Tolkien also tells the tale of a dying land and of a king who returns “with healing in his wings”. As with Parsifal, Aragorn passes through many trials in his own dark journey before he can claim the kingship.  In doing so Tolkien does not steal an idea from Wagner but draws from the same archetype. The true king is divinely anointed. The Steward can only watch over the kingdom until the true king comes. To be a steward is a position of high honour, and Gondor knows this, but Denethor sits in a simple chair beneath the throne. He is not the king.

Sam Gamgee Teaches Us to Make Good Choices

Freaky Friday was a favourite movie in our family as our girls were growing up. Jamie Lee Curtis’s mother finds herself in the body of her daughter who is played by Lindsey Lohan and her daughter finds herself in her mother’s body and both of them discover that it is tough to be the other.
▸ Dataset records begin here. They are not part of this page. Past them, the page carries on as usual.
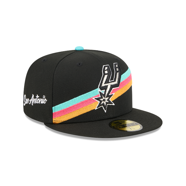 Esta gorra plana New Era 59FIFTY de San Antonio Spurs de la colección NBA City Edition 2025 presenta el logotipo de los Spurs bordado en los paneles frontales, el nombre de la ciudad del equipo del lado derecho, el logo de la NBA en la parte de atrás y el flag de New Era bordado del lado izquierdo. Cómprala ya.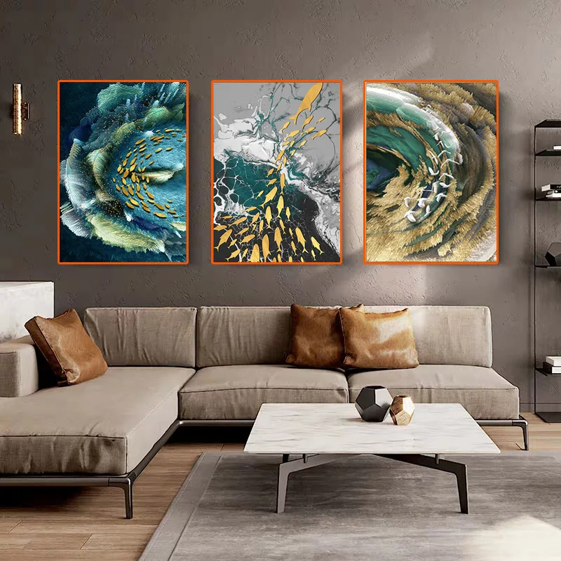 Современный постер с золотым пером, настенная живопись, синий, зеленый, рыба, абстрактный холст, настенная живопись, живое модное украшение для комнаты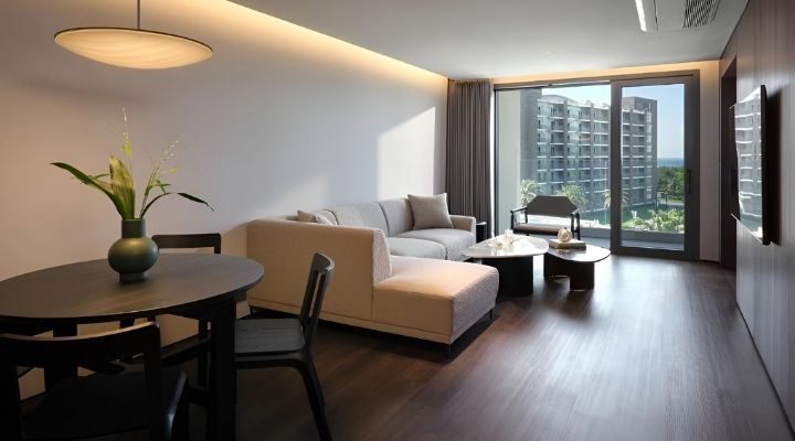 객실, 레지던스형 스위트 및 공용 라운지 공간 가구 프로젝트. 이동가구(소파, 라운지 체어, 다이닝 테이블, 체어, 커피 테이블)와 일부 제작가구를 설계·제작·납품.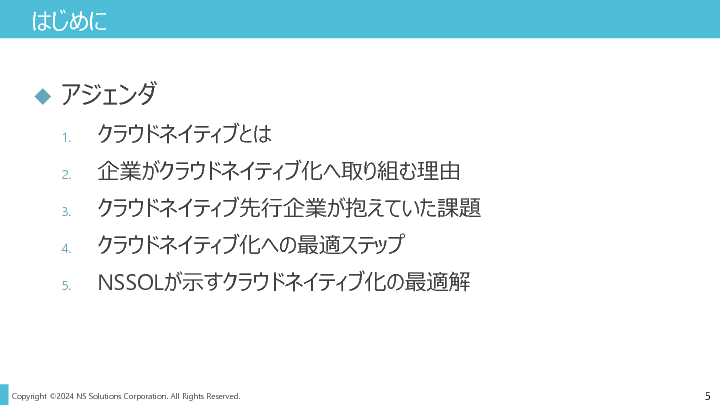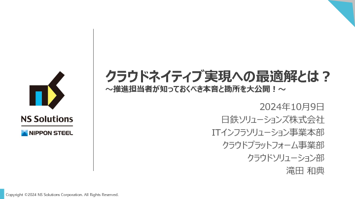 本セミナーでは、日鉄ソリューションズ(以下、NSSOL)から、実際にお客様が抱えていらっしゃった課題やNSSOLの実体験を共有しながら、クラウドネイティブ化を成功に導くための具体的なアプローチや実践方法について解説していきます。また、NSSOLのアセットを集約したクラウドネイティブ化の推進を支援するサービスについても、本セミナー限定でお伝えしていきますので、ぜひご参加ください!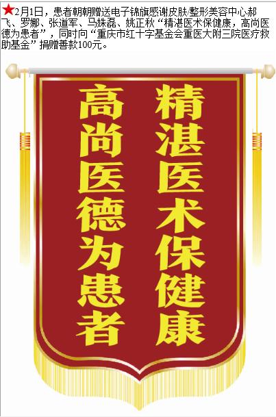 患者朝朝赠送电子锦旗感谢皮肤/整形美容中心郝飞等人,并向医疗救助基金捐赠善款100元。-锦旗-患者心声-患者服务-重庆医科大学附属第三医院【官方网站】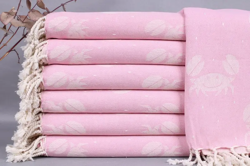 These towels are made from organic Turkish cotton, ensuring superior absorbency and durability. Each towel, blanket, or hand towel is meticulously hand-woven on looms, resulting in dimensions of 40x67 inches or 100x170 centimeters. The weight of each item is 420 grams, with allowable weaving tolerances of ±2 inches or 5 centimeters.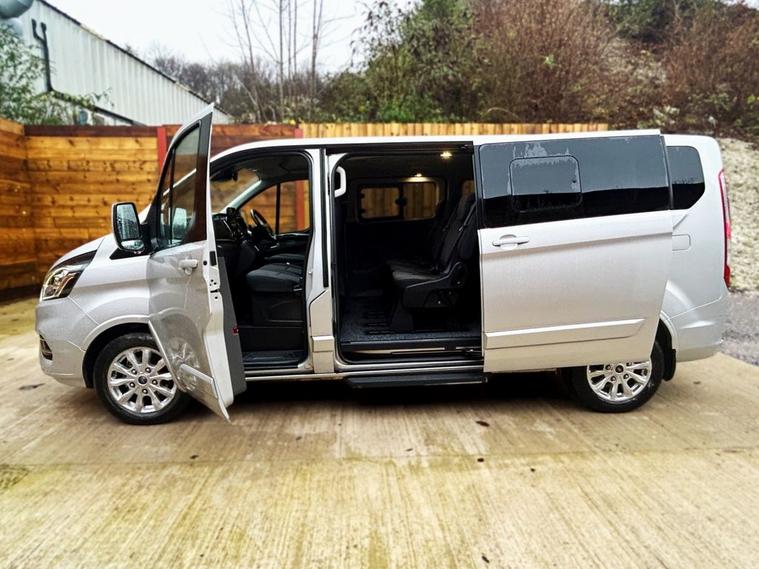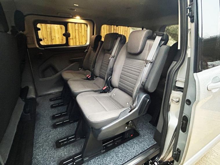 This McElmeel converted Ford Transit Custom Wheelchair Accessible Vehicle (WAV) has 7 Seats (3 Front and 4 Rear). Equipment includes Wheelchair Ramp, Air Conditioning, Electric Front Windows, Electric Adjustable Wing Mirrors, Power Steering, Remote Central Locking, Tinted Rear Windows.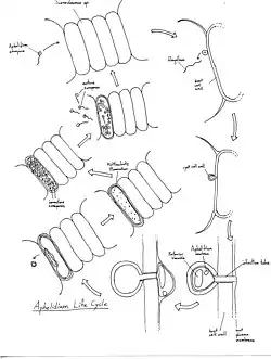 All known examples of Aphelidium are obligate parasites of freshwater phytoplankton.[4][6] As parasites, the life cycle of Aphelidium is closely tied to its ecological relationship with its hosts. The cycle begins with the motile Aphelidium zoospore contacting its host, a green alga.[4] The singular flagellum of the zoospore is lost as part of the attachment process.[4] A pseudopodium extends from the zoospore and probes the host surface, seeking a weakness or gap in the cell wall.[7] The attached zoospore first encysts then inserts an infection tube into the host cell, priming the ingress of the Aphelidium.[4] The cyst forms a posterior vacuole, which expands and raises the internal pressure of the cyst.[4] Ultimately the pressure pushing against the chitin wall of the cyst punctures the cell wall of the host green alga at the point of insertion of the infection tube, and the Aphelidium enters its host abruptly, leaving the cyst cell wall behind.[4]

And there is a line that we all came to enjoy  (and most especially my wife!) which was delivered by Jamie Lee Curtis to her daughter.

“Make Good Choices!”

It was a line that summed up a parent’s desperate desire for her child as she makes the journey towards adulthood and also the feeling of powerlessness that a parent feels as the child walks out of the door (which they must!) and into a world that the parent cannot control.

After he fights his great battles with Gollum and with Shelob Sam is presented with a choice. He is sure that Frodo is dead and that if the quest of the Ring is to be completed then he alone must do it. He remembers the words he spoke to Frodo at the beginning of their journey after they had met the elven company of Gildor Inglorion. “I have something to do before the end. I must see it through, sir, if you understand.”

And so poor Sam takes Sting and he takes the Star Glass of Galadriel and he takes the Ring. A voice within him declares that “the errand must not fail” and Sam knows that he must make up his own mind. No one can else can do it for him. Not that he has any confidence that he will make the right choice.

“I’ll be sure to go wrong,” he says, “that’ll be Sam Gamgee all over.”

We have been here before with Sam and what we know is that he will strive to do the right thing and that he will never be sure that he is doing the right thing. Furthermore, this time it will be even worse for Sam because in any moment of doubt in the story until now he has had a guiding principle that has carried him through and that has been to serve Frodo the best he can. Now, as far as he is concerned, Frodo is dead and the lode star of his life has been taken from him. Sam has to make a choice without him, perhaps for the first time in his life.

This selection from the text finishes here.